I am currently a PE and need to get my SE for Utah. I do not live or practice in California but I would like to keep my SE options open. I was told by a friend that an SE in other states is not recognized in CA, WA, IL. I looked and I see that those states require an SEIII exam in addtion to the SEI and SEII. Can I not take the SEI and SEII and then if I need to get licensed in CA or WA at some point take their SEIII? I am being told that CA or WA will not recognize the SEI and SEII if I pass them in another state and I would have to retake them in CA or WA. Aren't the SEI and SEII standardized no matter what the state? This just doesn't seem right that I would have to retake the SEI and SEII. I can't seem to find much on the CA website.
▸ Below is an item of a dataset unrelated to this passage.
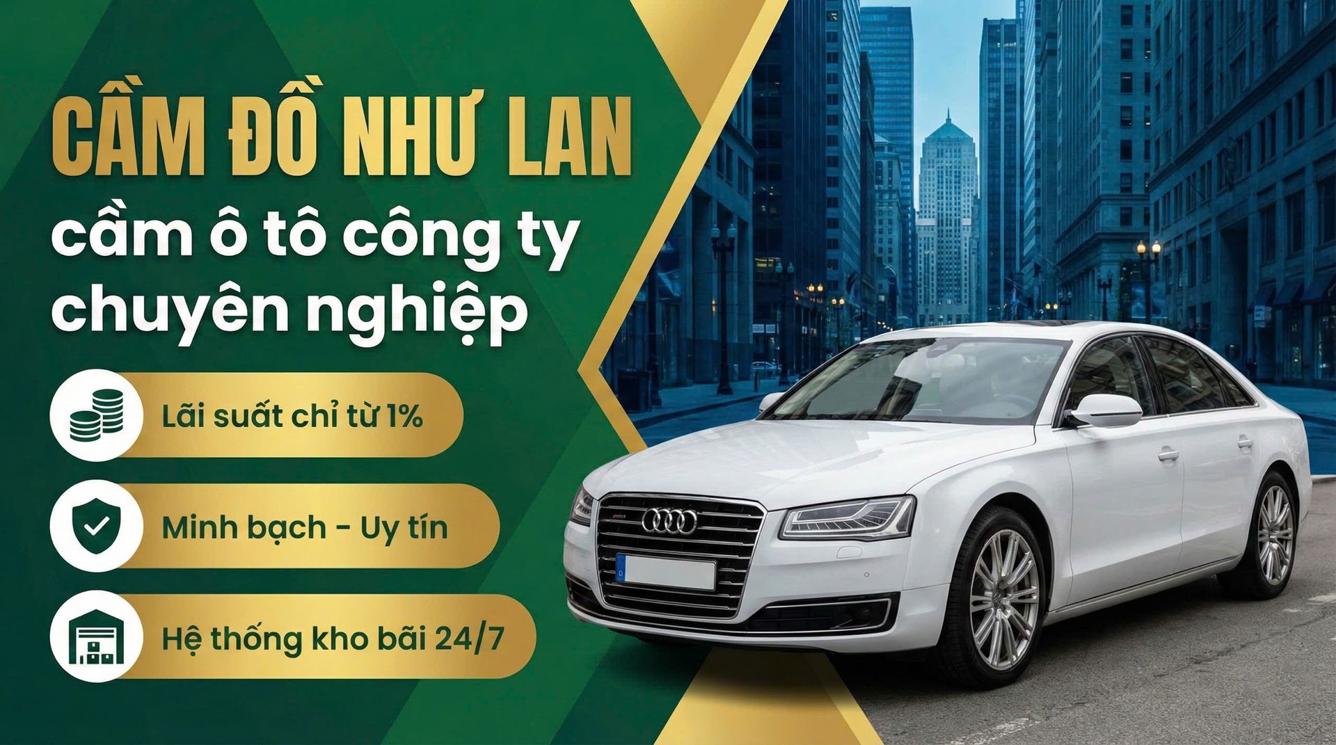 Trong tình hình thị trường gần đây, cầm cố ô tô đang vay ngân hàng đã trở thành một giải pháp quen thuộc với người kinh doanh, người đầu tư và cả người cần vốn xoay vòng ngắn hạn, để trở nên linh hoạt trong giải pháp giải quyết tài chính thì bên cạnh mô hình cầm cố ô tô đang vay ngân hàng dịch vụ Cầm đồ Như Lan còn nhận cầm cố ô tô công ty. Đây được xem là một dịch vụ cầm cố phù hợp bối cảnh các doanh nghiệp nhỏ và vừa tại khu vực Đồng bằng sông Cửu Long khi bạn đang trong trường hợp gặp khó khăn trong việc tiếp cận các nguồn vốn vay tín chấp truyền thống.
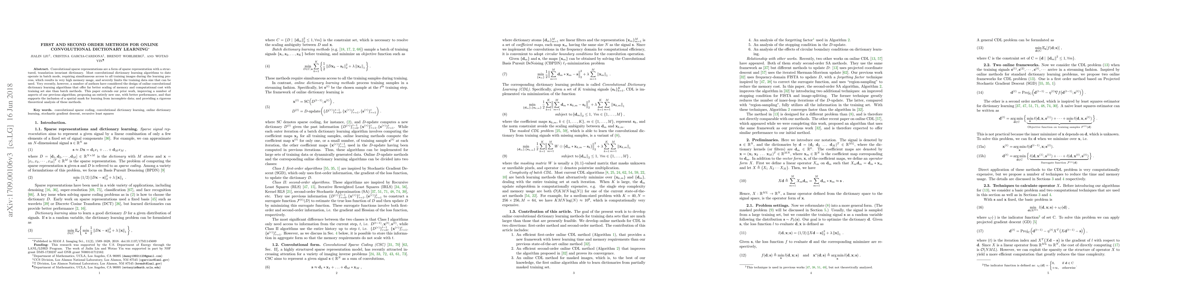 This paper proposes improved first and second order methods for online convolutional dictionary learning, offering better scalability and performance compared to batch methods. It also introduces a new algorithm that supports learning from incomplete data and provides a rigorous theoretical analysis.

Does any body know the facts on this?

Thanks in advance


----------



## McEngr (Jun 24, 2009)

alpine said:


> Hi guys,I am currently a PE and need to get my SE for Utah. I do not live or practice in California but I would like to keep my SE options open. I was told by a friend that an SE in other states is not recognized in CA, WA, IL. I looked and I see that those states require an SEIII exam in addtion to the SEI and SEII. Can I not take the SEI and SEII and then if I need to get licensed in CA or WA at some point take their SEIII? I am being told that CA or WA will not recognize the SEI and SEII if I pass them in another state and I would have to retake them in CA or WA. Aren't the SEI and SEII standardized no matter what the state? This just doesn't seem right that I would have to retake the SEI and SEII. I can't seem to find much on the CA website.
> 
> Does any body know the facts on this?
> 
> Thanks in advance


alpine,

The SE I is not recognized on the west coast. You would have to take the California Civil Engineering Exam, which is comprised of two days: the first day is the NCEES Civil PE. The second day is the California specific seismic and survey exam. You would have to attend this exam on that weekend in April/October and then take the California SE III after that. At least in Washington, you have to have your civil PE for at least two years before being eligible in their state. It's in their by-laws. I'm not sure exactly about California. Living in Oregon, I have the luxury of taking the SE II and III consecutively without the hangup of waiting. I started with studying for the SE I, but realized after moving to Oregon that it was obsolete to do so. I hope this helps.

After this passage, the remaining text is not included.